Insider sale and vesting activity
First Solar, Inc. (NASDAQ: FSLR) reported an insider transaction involving Chief Commercial Officer Georges Antoun. A Form 4 filed with the Securities and Exchange Commission shows Antoun sold 245 shares of First Solar common stock on March 16 at $200.8 per share, resulting in total proceeds of $49,196. The filing records a decline in his direct ownership to 19,126 shares.
Separate filings show Antoun also acquired 587 shares on March 13 at a $0 cost basis. Those shares resulted from the vesting of restricted stock units originally granted on March 15, 2022. The grant vests annually at a rate of 20% on each anniversary of the grant date.
Market context
At the time of the sale, First Solar shares were trading near $200.42 and the solar manufacturer carried a market capitalization of $21.5 billion.
According to InvestingPro analysis included in company materials, First Solar appears undervalued on current metrics, trading at a price-to-earnings ratio of 14.1. The company is described as having a "GREAT" financial health score and a balance sheet with more cash than debt. Investors are noted as able to consult a Pro Research Report for additional detail.

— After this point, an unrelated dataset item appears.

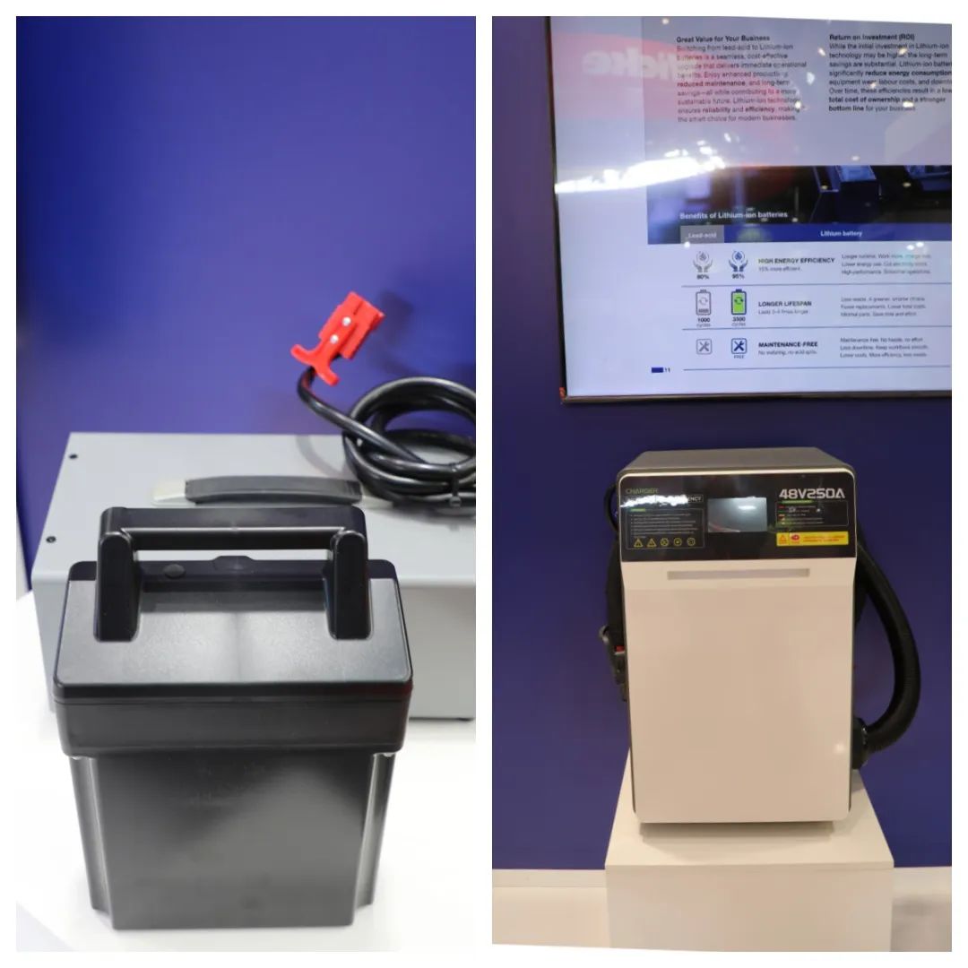 展会现场,益佳通电池展出了短刀王工业车辆专用电芯、工业车辆第三代“楚”系列和第四代“越”系列标准化电池包。

Earnings, guidance and analyst responses
In corporate results released recently, First Solar reported fourth-quarter earnings that missed expectations by 6% and also fell 5% short of estimates from Deutsche Bank. Management issued revenue guidance for 2026 in a range of $4.9 billion to $5.2 billion, a figure that is 17% below Street expectations and implies a 3% year-over-year decline.
Those results and forward-looking numbers prompted several analyst changes. Deutsche Bank downgraded First Solar from Buy to Hold and cut its price target to $245 from $300. GLJ Research similarly moved its rating to Hold from Buy, citing the weak 2026 outlook. Barclays trimmed its price target to $228 from $279 while keeping an Overweight rating. Guggenheim reduced its price target to $269 from $312 but retained a Buy stance. Jefferies lowered its price target to $205 from $260, maintaining a Hold rating and noting uncertainty over the timing of any recovery.
What the filings show and what remains open
The SEC Form 4 provides a precise snapshot of Antoun's recent personal trading and equity compensation vesting. The company-level disclosures on quarterly performance and 2026 guidance outline the near-term financial landscape, while the analyst reactions reflect differing assessments of the pace and clarity of any recovery.
Where available data is limited, the filings and company guidance establish the recorded events and stated estimates without providing additional clarity on management intent behind the insider sale or on the timing of an operational turnaround.